> **THE DATA**
■ ■ ■ ■ ■
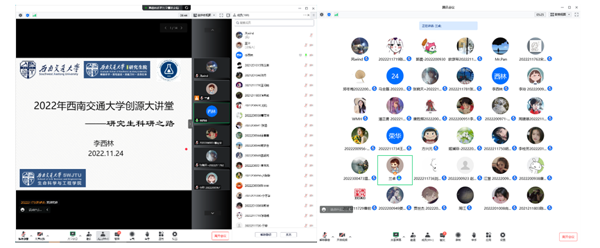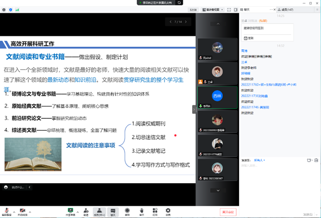 2022年11月24日14:30,受365英国上市公司官网邀请,365英国上市公司官网李西林老师做了题为“研究生科研之路”的学术讲座。本次学术讲座由2021级硕士研究生辅导员兰卓主持。讲座结合研究生实际需求,受到同学们欢迎,365英国上市公司官网 150余名研究生线上参加了此次学术讲座。
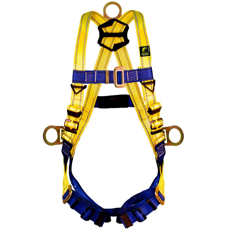 El Arnés de Protección contra Caídas es esencial para trabajos en altura, ascenso y descenso. Confeccionado en banda (eslinga) de poliéster de 1 3/4” de ancho, ahora cuenta con propiedades High Visibility para una mayor visibilidad en diversas condiciones laborales. Equipado con anillo “D” en la espalda de acero, con recubrimiento de zinc y bicromato para prevenir la oxidación. Dispone de anillos “D” en los costados para posicionamiento, con capacidad máxima de 140 kg con herramientas. Ofrece cinco puntos de ajuste: 1 en pecho, 2 en tórax y 2 en pelvis. Cumple con la normativa NOM-009-STPS-2011-4.33 y está certificado bajo la Norma ANSI Z359.11.2014.
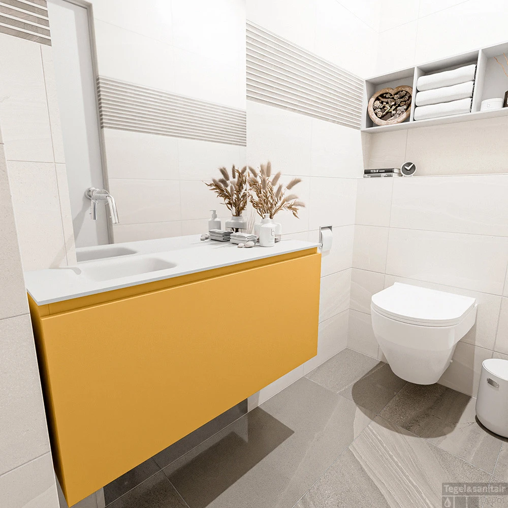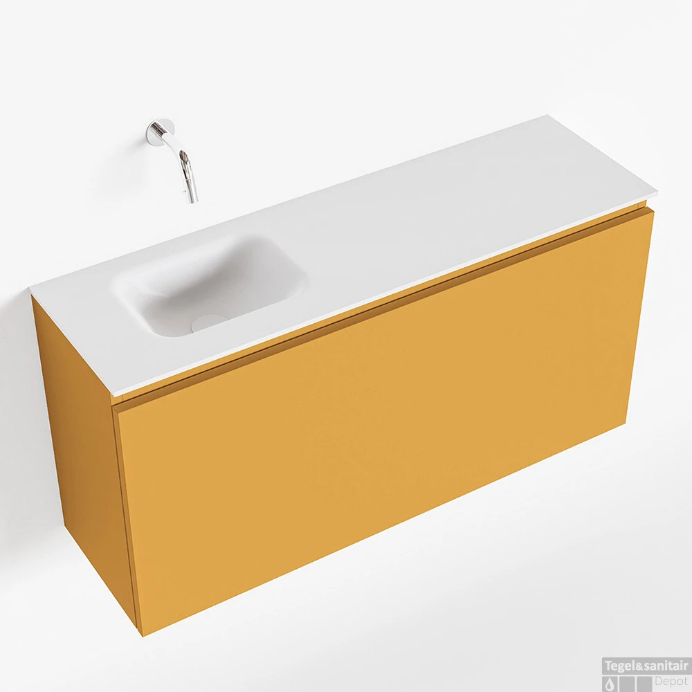 MONDIAZ MONDIAZ OLAN 100cm toiletmeubel ocher. LEX wastafel talc links geen kraangat
■ ■ ■ ■ ■
> **WHAT IS REQUIRED**
Could you return the whole listing exactly, images excluded?

> **PROBLEM SOLUTION**
 2022年11月24日14:30,受365英国上市公司官网邀请,365英国上市公司官网李西林老师做了题为“研究生科研之路”的学术讲座。本次学术讲座由2021级硕士研究生辅导员兰卓主持。讲座结合研究生实际需求,受到同学们欢迎,365英国上市公司官网 150余名研究生线上参加了此次学术讲座。
 El Arnés de Protección contra Caídas es esencial para trabajos en altura, ascenso y descenso. Confeccionado en banda (eslinga) de poliéster de 1 3/4” de ancho, ahora cuenta con propiedades High Visibility para una mayor visibilidad en diversas condiciones laborales. Equipado con anillo “D” en la espalda de acero, con recubrimiento de zinc y bicromato para prevenir la oxidación. Dispone de anillos “D” en los costados para posicionamiento, con capacidad máxima de 140 kg con herramientas. Ofrece cinco puntos de ajuste: 1 en pecho, 2 en tórax y 2 en pelvis. Cumple con la normativa NOM-009-STPS-2011-4.33 y está certificado bajo la Norma ANSI Z359.11.2014.
 MONDIAZ MONDIAZ OLAN 100cm toiletmeubel ocher. LEX wastafel talc links geen kraangat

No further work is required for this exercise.